Recently the Australian Securities Exchange (ASX) bought a $15 million stake in Digital Asset Holdings, a developer of blockchain technology. One of the main reasons is to upgrade its share registry system by using blockchain or distributed ledger technology.
And it’s been reported that JP Morgan Chase is also partnering with Digital Asset Holdings to trial the technology.
What is blockchain/distributed ledger technology?
Put simply, blockchain technology is a method of recording and confirming transactions where instead of a centralised platform, participants each hold a complete record of transactions through peer to peer verification of transactions. This means there is no central recording system, rather each participant keeps a record of all transactions ever made. This is the same system which allows Bitcoin to operate with no central body.
How would blockchain technology be adopted at the ASX?
Instead of the ASX clearing house settling trades, trades will be settled by participants confirming transactions through the peer to peer network. The network (likely made up of brokers) will record the buyer and selling participants, the number of shares traded, price of shares, time of exchange and the exchange of funds. The ASX will still provide a centralised electronic exchange for participants to place orders, only the settlement or back office function will be sourced to the network.

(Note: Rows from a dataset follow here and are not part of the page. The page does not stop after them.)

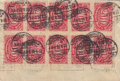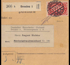 Inlandspaketkarte (2 500 g, > 75 km) vom 15.01.1923 (12. Periode) frankiert mit 2 Marken a 200 Mark (=400 Mark) |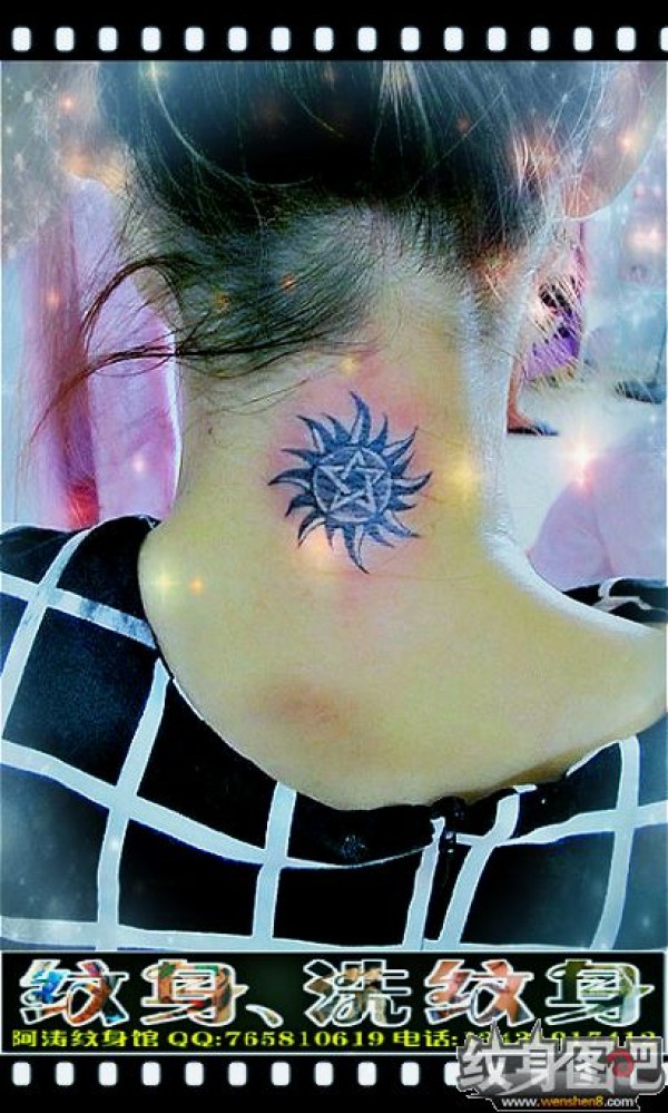 后颈部纹身小图--9张女生脖子后颈处的简约纹身图案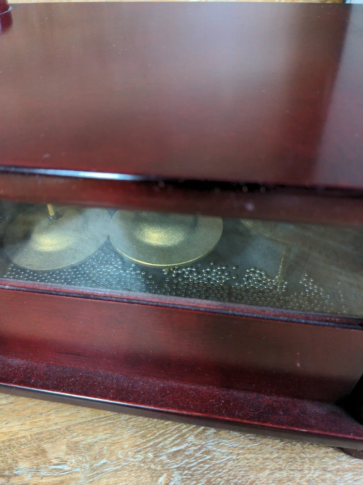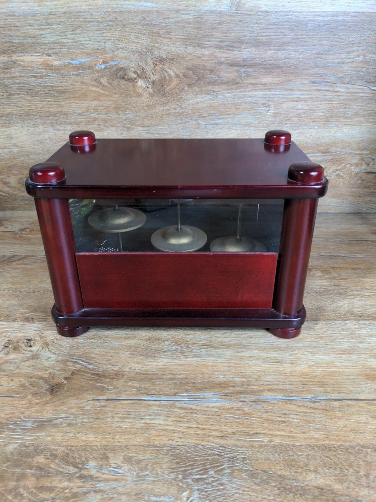 Falling Rain Nature Chimes Wood Wooden Box w Beads Zen Sound Meditation. Cherry wood color. Measurements are approximately 10.5" long, 7" tall, 6" wide. Items has some scratches on the wood. Tested and working. Condition is pre-owned. Shipping whatever rate is best to get to you UPS or FedEx. Also checkout my eBay store for other awesome listings, Thanks for looking!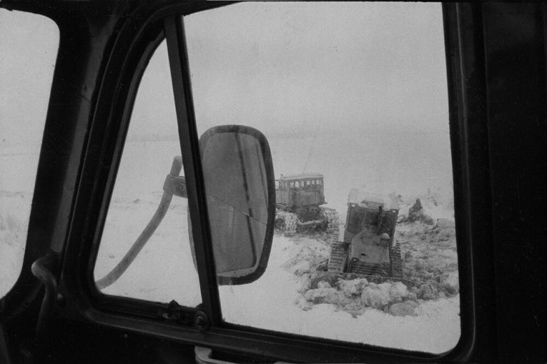Расчистка трассы строящейся автодороги от снега. Москва – Минск – Брест». 1982–1983 годы. Автор: Вадим Качан. Белорусская ССР, Минская область.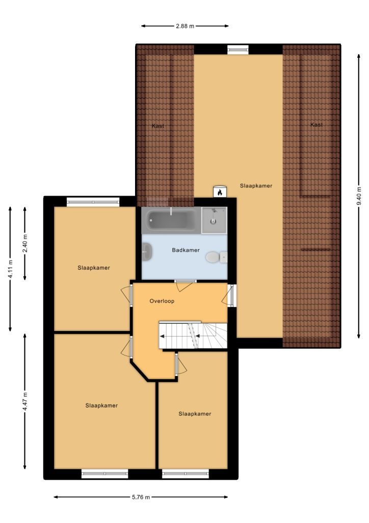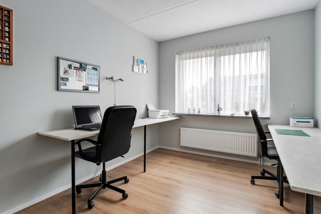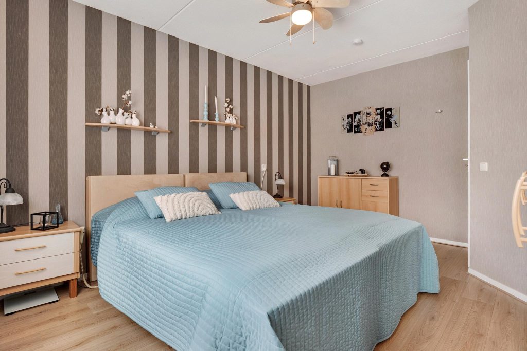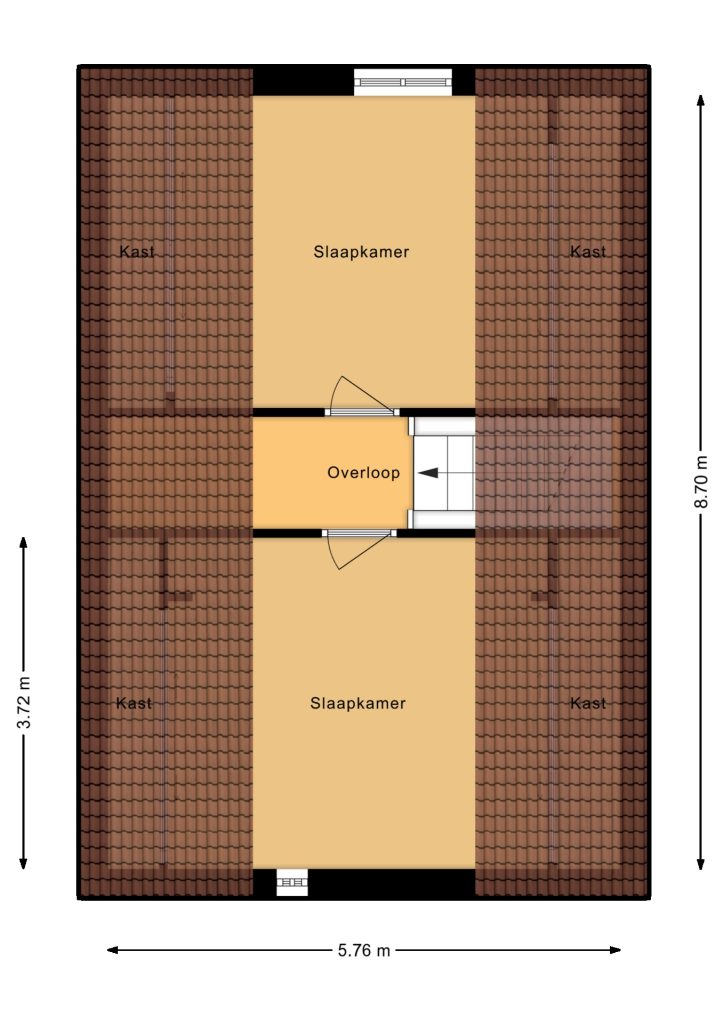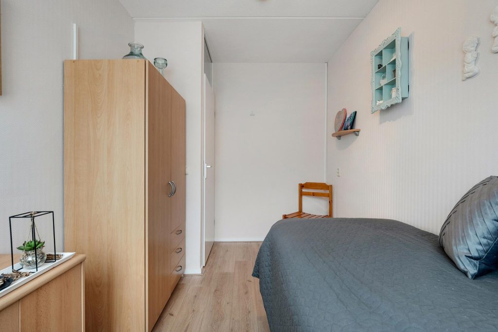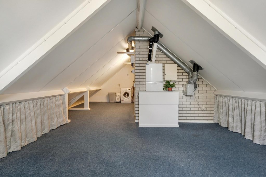 Op de tweede verdieping vind je twee extra slaapkamers die perfect zijn voor slaapruimte, een kantoor, of een hobbyruimte. Deze verdieping biedt de extra ruimte en flexibiliteit die je nodig hebt, met aan de zijkanten knieschotten waar je perfect je niet-dagelijkse spullen kunt opbergen.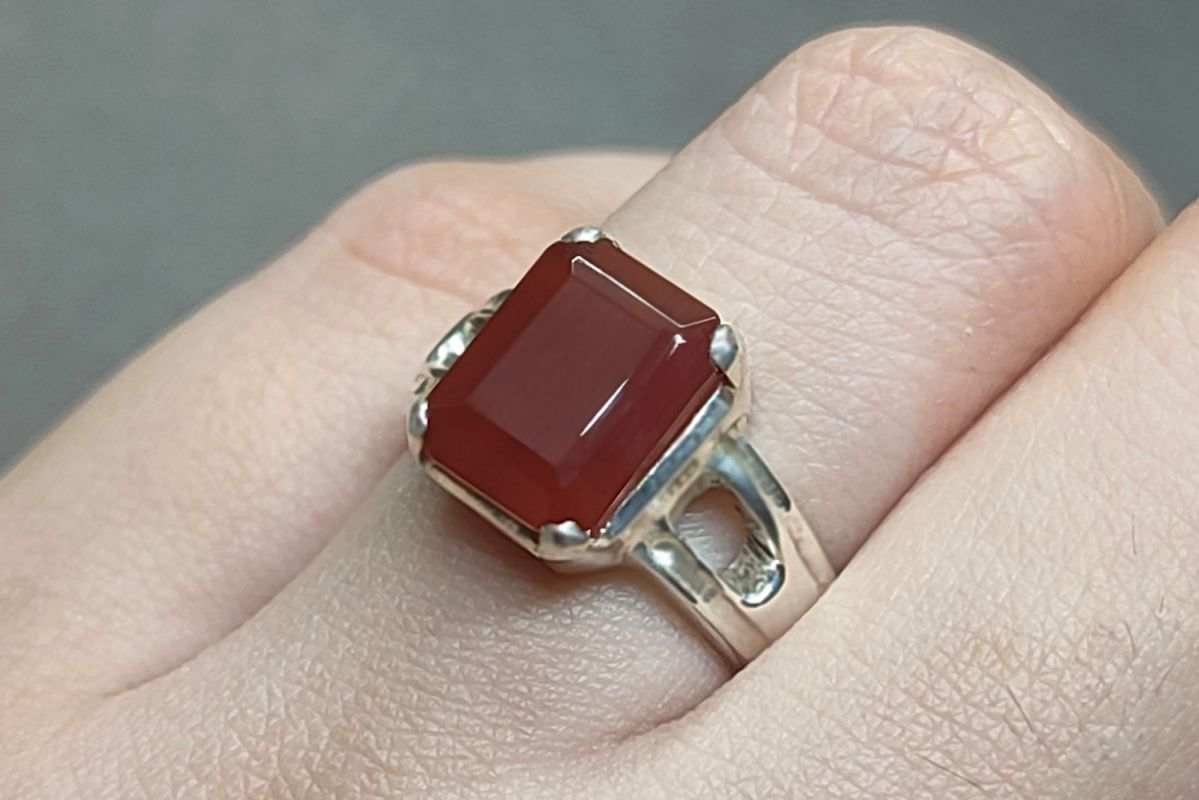 Brown Agate Women Ring – Natural Yemeni Carnelian Handmade Solitaire Aqeeq Jewelry, Sterling Silver 925, 14k & 18k Gold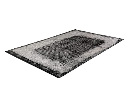 Black-beige rectangular-shaped woven carpet with geometric motifs & cut pile finish with embossed pattern.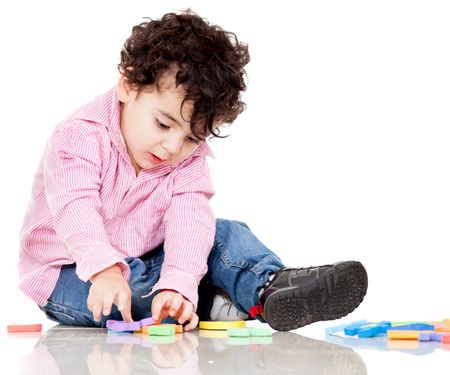 Boy playing with letters - isolated over a white background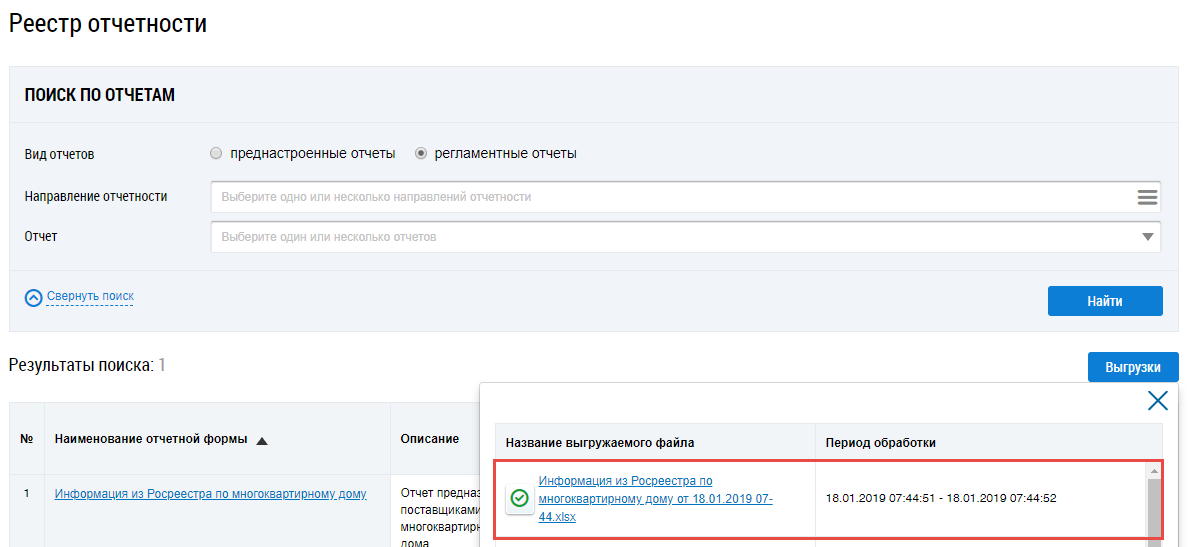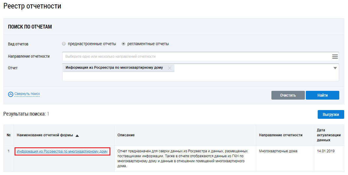 Для работы с регламентными отчетами установите переключатель Регламентные отчеты. Затем нажмите на гиперссылку с наименованием отчета Информация из Росреестра по многоквартирному дому.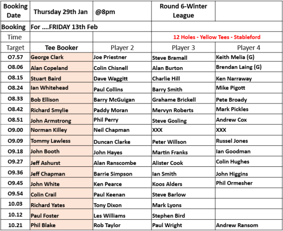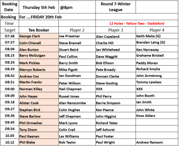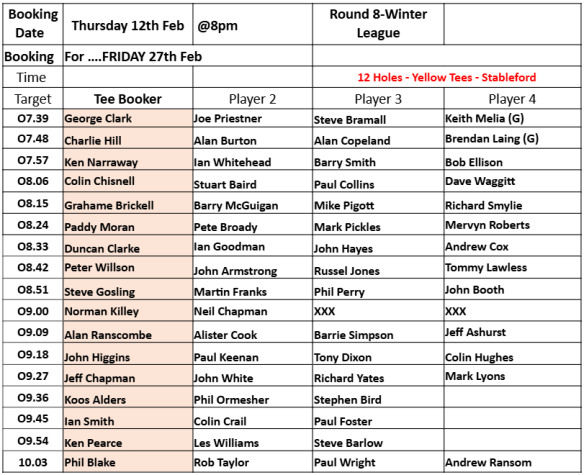 Another thoroughly miserable day, with heavy conditions testing both patience and perseverance. A slightly better day though than the previous two Fridays. A number of the more intelligent players wisely decided to remove their names from the play list, opting for warmth and comfort over a battle with the elements. For those who did tee up, play was slow and extremely hard work. The saturated fairways offered little run, and scoring reflected the tough conditions. Just five players from the field managed to score under par, a commendable effort given the circumstances. All in all, a day to forget, as far as I’m concerned. Let’s hope for better weather – and better golf – next time.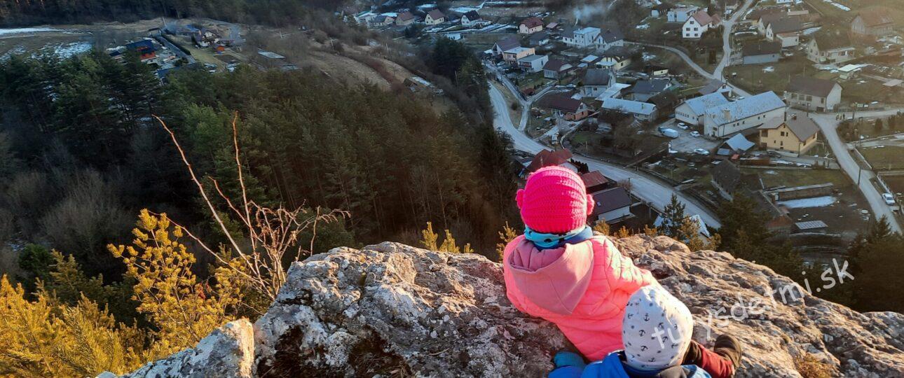 Z tejto skaly sú krásne výhľady na dedinu a na Hričovský hrad. Cesta je to jednoduchá. Na vyhliadke je malá skalka, na ktorej si vždy deti radi polezú. Naspäť sme išli netradične popod skalu, aby som im ukázal ďalší lezecký sektor a potom cez kríky na výstupový chodník a k autu.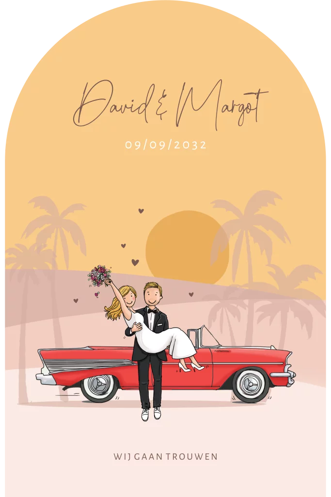 Trouwkaart bruidspaar met Chevrolet Bell air cabrio rood. Een unieke trouwkaart voor een uniek bruidspaar! Deze kaart is getekend met een Chevrolet bell air cabrio, de auto en bruidspaar zijn te vervangen uit afbeeldingen uit de clipart. Laat je creativiteit de vrije loop en ontwerp je eigen unieke trouwkaart.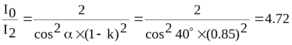 525. Пучок света последовательно проходит через два николя, плоскости пропускания которых образуют между собой угол α = 40°. Принимая, что коэффициент поглощения k каждого николя равен 0,15, найти, во сколько раз пучок света, выходящий из второго николя, ослаблен по сравнению с пучком, падающим на первый николь.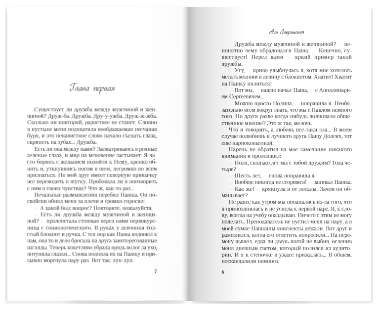 Доброго времени суток. Хочу написать рецензию на книгу Аси, но, для тех, у кого нет возможности читать и вчитываться в мои комментарии, скажу, что книга замечательная. Ее советую всем. Я люблю Асю за её интересные истории, простой, понятный для чтения язык. Ее любовные истории - это книги на один вечер, ведь оторваться от них, практически, невозможно, т.к. ты быстро погружаешься в атмосферу героев. Мне очень понравилось оформление книги, да и в общем, всех ее книг. Очень органичные и изящные обложки. Читать книги Аси Лавринович - это наслаждение и отдых от каких-то тяжёлых книг, например: «Мастер и Маргарита», либо от каких-то сложных периодов в жизни, которые есть и бывают у всех. Считаю, что у книголюба на полках должны стоять книги от этого автора, а также, тем, у кого “нечитун”, помогут выйти из этого состояния.

Blockchain has great potential to cut inefficiencies in the share settlement function. As trades are settled by peer confirmation, there is no need for a clearing house, auditors to verify trades and custodians to ensure a fund has the shares they say they hold. Essentially this is cutting out the middleman in the back office which means less costs in record keeping and in turn less costs to trading on the ASX. Given the high costs in getting a third party to audit, record keep and/or verify trades these costs are substantial.
The peer confirmation of trades also means settlement can be almost instantaneous. Compare this to the current settlement period of three working days (‘T+3’) as the ASX needs to make sure the participants have the money and shares on hand to exchange. This would make shares a far more liquid investment – almost as good as having cash on hand. Higher liquidity means more investment into ASX shares.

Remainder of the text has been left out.